» AIM OF THE TASK: The required copy runs from the first line of the material through the line containing "田黃石章,黃色,無裂痕,石質", exactly as written and without pictures.

» COLLECTED DATA:
○ ○ ○ ○

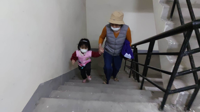 Hai bà cháu đi bộ từ tầng 31 xuống tầng 14 lại quay về.
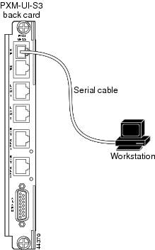 Physically connect a terminal or workstation to the PXM45 UI-S3 back card as shown in Figure 2-1.
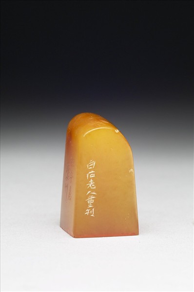 田黃石章,黃色,無裂痕,石質溫潤。長方體,頂呈斜面,印面正方。印面陰刻二字篆文「延闓」,筆劃方折,豎畫背勢,篆字重心置上。邊款:「白石老人重刻」,「組安屬。鯨士刊。」可知此印由齊白石落刀重製,原由譚延闓請鯨士刻製。附布套。
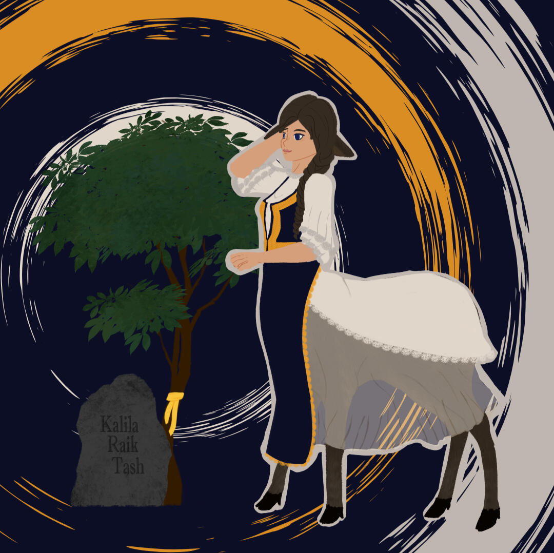 Being raised in a village in the continent of Belsir, she followed the footsteps of her grandparents and studied medicine.Kalila is caring in nature and sociable to a fault. She has a tendency to over-explain her diagnoses and the medicine require which leads to many being more confused than anything. Though outside of caring for a patient, she can be rather clumsy.She gets excited over some injuries, but does try to hold it in as she it aware that it's not too appropriate to show. Though when she is treating someone, she holds no mercy if they try to reject or do things when they should be resting.Deciding to completely follow the steps of her grandparents, she became a nomadic healer and traveled between the continents.That was what led her to meet her now husband, Lysander Tash, a taurfolk knight from Sauveil City in Leódad, Tirosa. She was helping the knights when she came across his patrol after they were attacked by raiders. They were married three years after, with a majority of that time being Lysander courting her and proposing often to her, with their first meeting begin the most memorable proposal.At some point, her and Lysander had decided moved to Monarca in Cantaruña, five years after her eldest son, who apart from tusks and faint chest stripes, took after his father in appearance, Cillian, was born. They both have heard impressive things about the ever-growing city. She became the medical chief while her husband became a guard general and one of Jacinto's most trusted generals. She proceeded to have three more children over the course of the years; Ramzi and Adil, twin boys who take after her in appearance, and her now youngest, Laila, who took after her father.Of course, she is rather used to the cold of the mountains she used to live in before all and is usually seen out at night enjoying the chill of the air. She absolutely hates too much heat, but tries hard to not complain. And due to her job as a doctor, she wears her hair up or braided. And she prefers to wear simple formal-like tunics that could be easily taken off or easily replaced in times of need, though does change into more noble-like wear when needed, such as meetings with the council or in the company of other nobles.She is usually seen in the hospital, and sometimes with her daughter being carried in a sling as she works. Though she will always try to spend time on her breaks to visit her husband and join him on lunch with her children.She and her family live in the west villa of Monarca.She was slightly disappointed when Cillian had chosen to take Jacinto's seat instead of hers when he turned fifteen and debuted, but was immensely proud of him as well. Since then, she had encouraged his training, but makes sure he is still well-versed in medical needs, stating that the best defense is great health.On the council, she represents the health of Monarca City and Cantaruña.

○ ○ ○ ○

» RESULT FOR THIS TASK:
 Hai bà cháu đi bộ từ tầng 31 xuống tầng 14 lại quay về.
 Physically connect a terminal or workstation to the PXM45 UI-S3 back card as shown in Figure 2-1.
 田黃石章,黃色,無裂痕,石質溫潤。長方體,頂呈斜面,印面正方。印面陰刻二字篆文「延闓」,筆劃方折,豎畫背勢,篆字重心置上。邊款:「白石老人重刻」,「組安屬。鯨士刊。」可知此印由齊白石落刀重製,原由譚延闓請鯨士刻製。附布套。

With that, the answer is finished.